The transition from wakefulness to sleep is one of the few rituals that remains universal—and yet it has become increasingly neglected. Surrounded by screens and artificial brightness, we carry daylight deep into the night. I started Nightside out of a desire to restore a sense of ritual to that passage: to design objects specifically for bedtime, when our surroundings should help us yield to rest, not resist it.
Science now affirms what instinct has always known: that the hour before sleep shapes the quality of our rest. But beyond data and studies, there is a simple truth—our nights deserve their own rhythm, a calm transition from the noise of the day to the quiet of the dark.

Redefining the Bedside Lamp
For decades, the bedside lamp has been an afterthought—essentially a repurposed table lamp. Its purpose has been to fill a room with light, not to support the rituals of winding down. Too often it floods the space with glare, or conversely, fails to provide enough focused illumination for reading or writing in bed.
I set out to invert this paradigm. Could a lamp both reduce ambient brightness and deliver a precise, controllable beam for bedtime tasks such as reading? Could it be designed not to banish the night, but to collaborate with it?
An Exploration of Light
The search for that balance led me to an unlikely muse: the theatrical spotlight. In theater, the spotlight brings bright clarity in darkness while preserving the mood. I began to wonder if that same principle could be brought to the bedside—a way to illuminate the page of a book or a small circle of the room while allowing the rest to fall gently away.
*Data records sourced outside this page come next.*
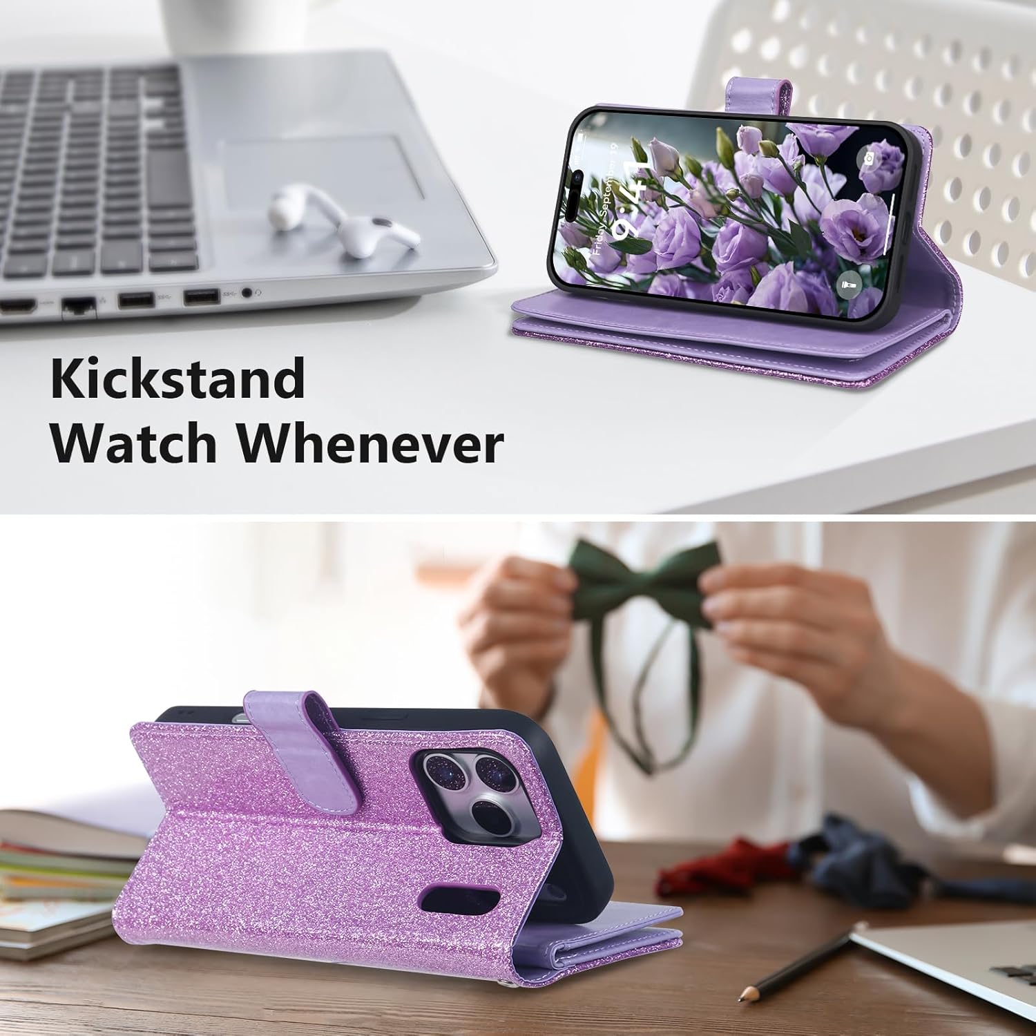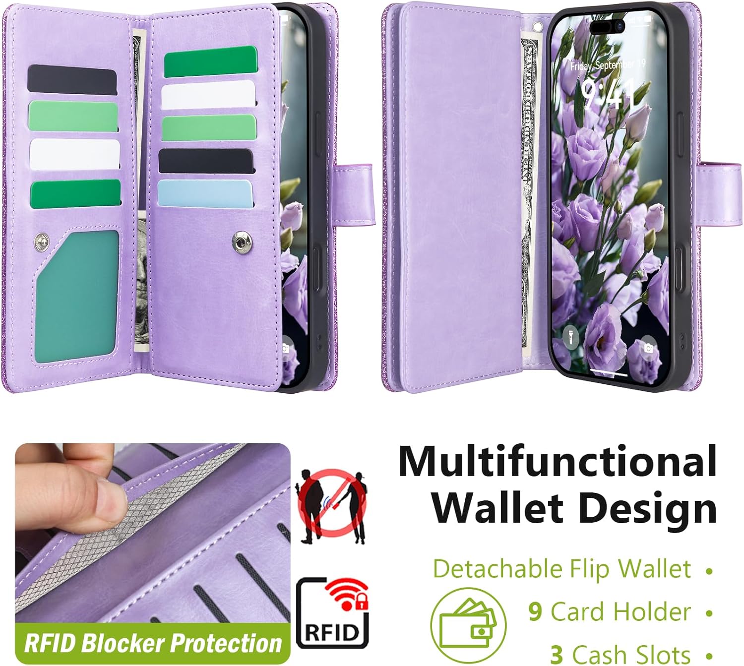 | Additional Features | 2-in-1 RFID Blocking Wallet Phone Case, Card Slot, Detachable Magnetic Phone Cover, Premium Fashion Glitter for Women, With Removable Wristlet Strap |
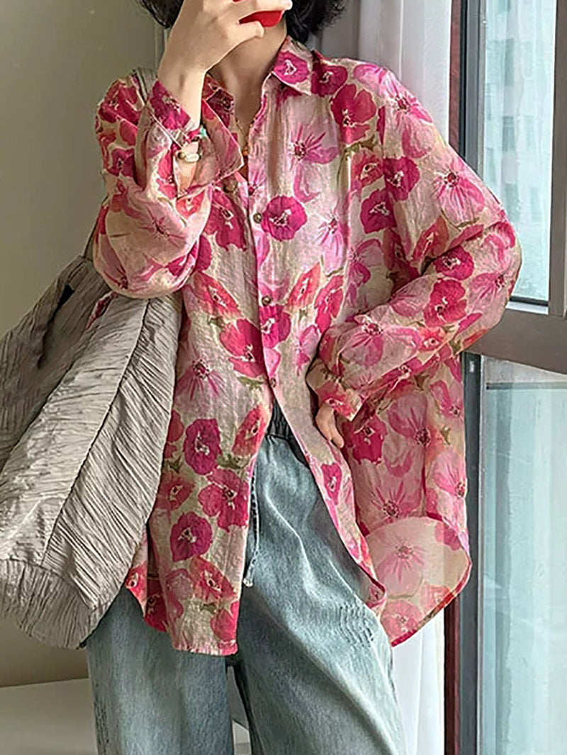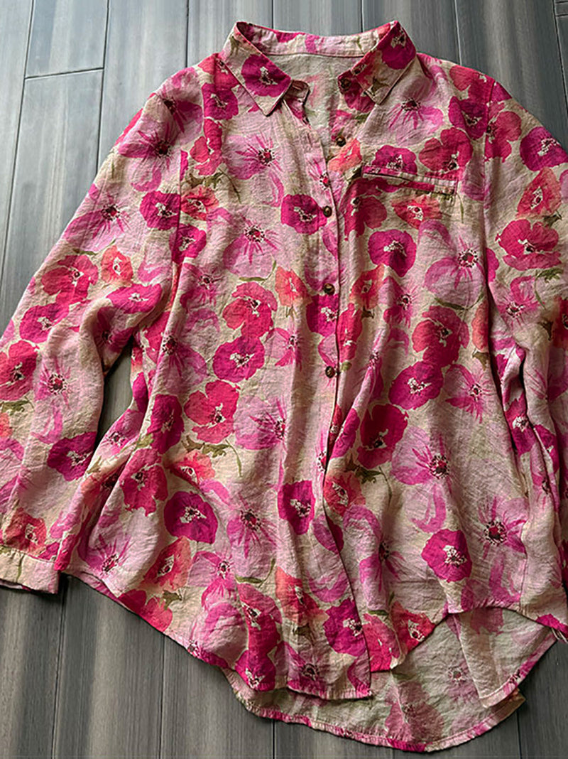 Plus Size Women Summer Artsy Flower Turn-down Collar Shirt
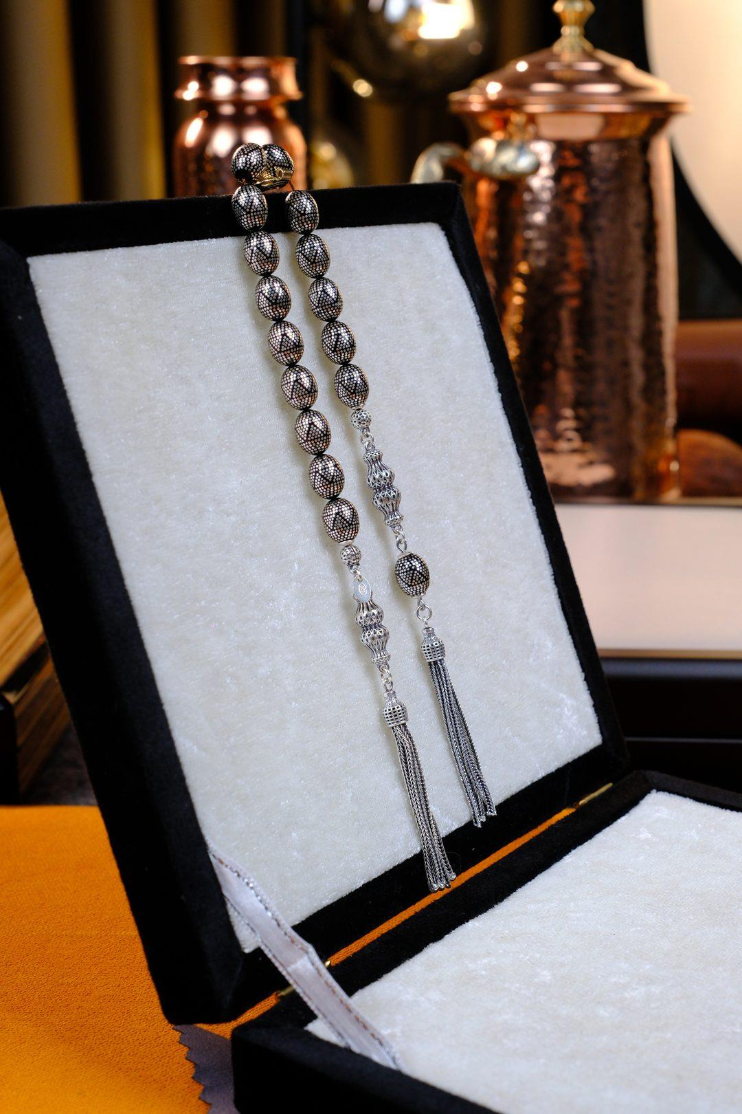 Sanatın ve zanaatkarlığın buluştuğu noktada, M.Serkan Coşkun imzasını taşıyan bu eşsiz tespih, kuka ağacının benzersiz dokusunu ve gümüşün zarafetini bir araya getiriyor. Her bir tanesi özenle işlenen kuka taneleri, ustalıkla işlenmiş gümüş detaylarla süslenmiştir. Bu tespih, sadece bir aksesuar değil, aynı zamanda bir sanat eseridir. Hem ruhunuza hem de tarzınıza hitap eden bu özel parça, M.Serkan Coşkun’un yılların deneyimi ve titiz el işçiliğinin bir sonucudur.
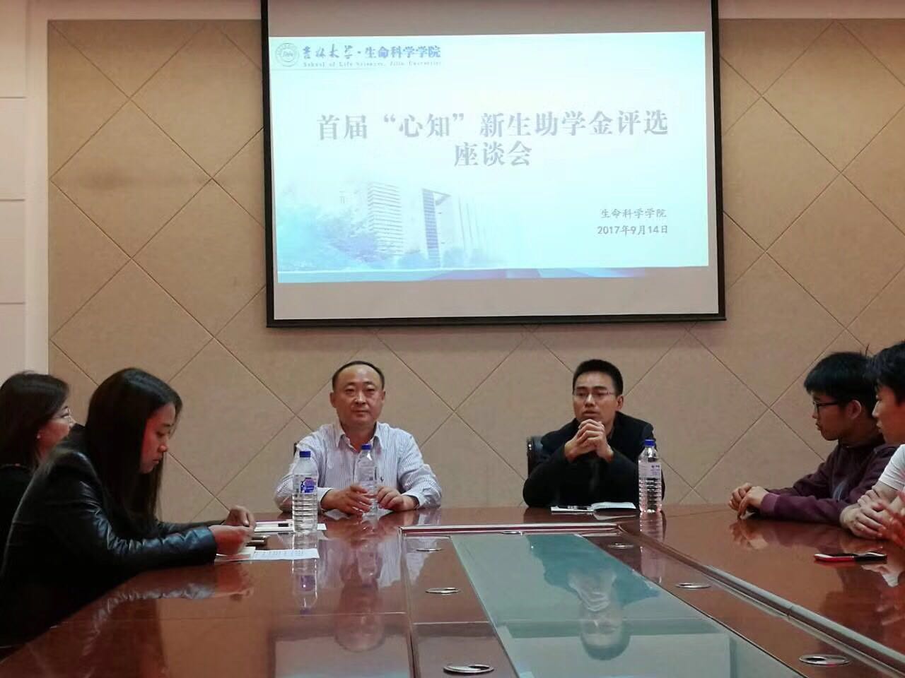 9月14日下午,首期“心知”新生助学金评选座谈会在吉大生命科学楼335会议室举行。
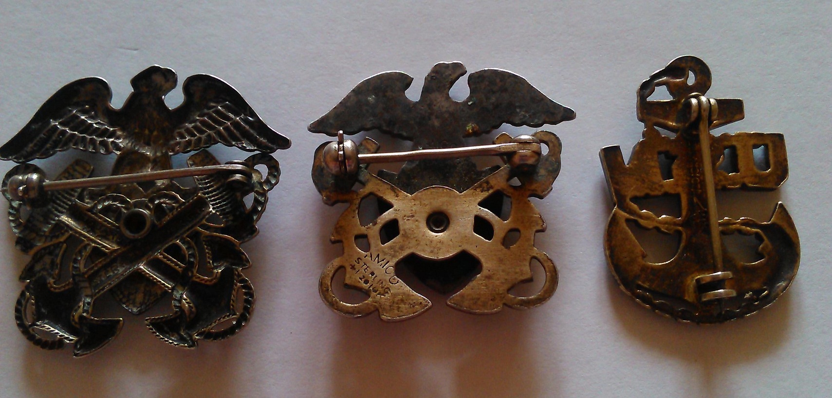 Все для ВМС . Офицерская ( два якоря) и мичманаская ( один якорь) на пилотку. Все знаки на 2 Мир. Войну + до 1950х годов. Хорошие, клеймa STERLING, что значит серебро + покрыты 1/20 карат.золотом.

As a habitual night reader married to a light sleeper, I turned the problem into a personal experiment. I explored projection systems, optics, and lens geometry—first with cobbled-together proofs of concept, and later with CAD models and 3D-printed prototypes. Over several years, the project evolved from a fun design challenge into a serious endeavor that was ultimately rewarded with a utility patent for the optical projection system.

Form Follows Calm
The result of that process is the NS01, a lamp defined by precision and restraint. Its single warm-white LED is mounted in the base and emits light upward through the optical projection system, which in turn focuses it into a soft yet concentrated spotlight. The lamp’s translucent body diffuses a secondary glow—ambient light that illuminates only the bedside.
A tactile dimmer sits on the front of the lamp, easy to locate even in complete darkness. Every gesture, every lumen, has been considered for its impact on the surrounding night.
In the end, the NS01 is not designed to brighten a room—it’s designed to keep the night intact. It honors the subtle boundary between light and dark, serving those who read, reflect, or simply linger in the moments before sleep. It is, at its core, a design not for engagement, but for the act of letting go.